Vanessa's now "just" 23.
Since my nose for superb noises sniffed her off a shelf by chance and she looked very dreamy, an impression borne out on first taking to Be Not Nobody, I felt we could hear such a "young" distinctive classicist who uses pianos that seem sometimes to dwarf her against a cellist who's often on sex and draw a line.
Yet even "Carlton (...) loves getting nude (...)":
"I like the area where my butt meets my thigh and I like the size of my boobs -- they're small and I don't have to wear a bra," she said, apparently proving it, for a recent summer 'Bare Issue' of a US rag, according to ContactMusic.
So much for one possible contrast between songs that apparently innocent debutante of 2002 and the raunchy Lauren Kendall, who wears as little as she can on the cover of her second album; that means, nothing. She gives us a nice back view.
So we're stuck -- not unhappily -- with a favoured preoccupation of better-known names mentioned of late whose albums won't be brand new any more by the time I reach them: the variations on what our hearts get our bodies tangled up in are an inescapable theme.
Vanessa, whose voice is simply luscious, tackles love's languages from several directions on 'Be Not Nobody'. She apparently left almost nobody certain whether she was a rock musician or a potential concerto performer headed one day for Carnegie Hall and a go at Ravel or Debussy.
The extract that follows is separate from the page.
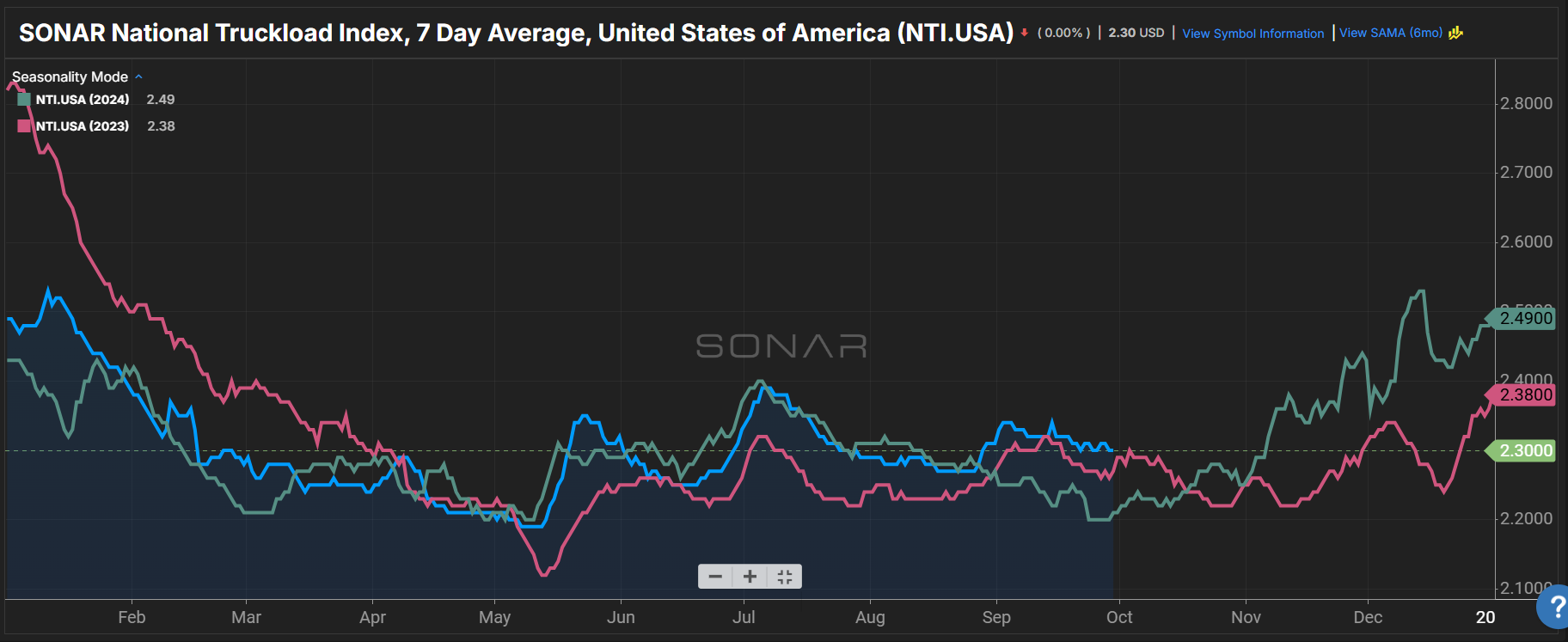 Summary: Dry van spot rates saw a slight decline during the last week of September. Despite the decline, the SONAR National Truckload Index 7-Day Average remains higher than it was during the same period in the last two years. The NTI fell 1 cent per mile all-in week-over-week from $2.31 on Sept. 22 to $2.30. Compared to last year, the NTI is 9 cents per mile higher than $2.21 and 3 cents per mile higher than $2.27 in 2023.

She's a bit of both, that's the answer, and more besides, but certainly a dreamer, which is our first insight into her mind when she starts, one "ordinary day", with a boy she sees:
"And as I looked up into those eyes
His vision borrows mine.
And to know he's no stranger,
For I feel I've held him for all of time.
And he said take my hand,
Live while you can
Don't you see your dreams lie right in the palm of your hand
In the palm of your hand.
Please come with me,
See what I see.
Touch the stars for time will not flee.
Time will not flee.
Can you see?
Just a dream, just an ordinary dream.
As I wake in bed (...)."
By then she's woken you up, listening to 'An Ordinary Boy', and you don't know whether Vanessa -- her home site says she was 17 when she wrote the bulk of that first album -- is really dreaming. This is probably just what she wanted of an astounding debut it takes three or four hearings fully to enjoy. She's spoken of her "stream of consciousness" style and has a devoted Carlton fan following that adores it.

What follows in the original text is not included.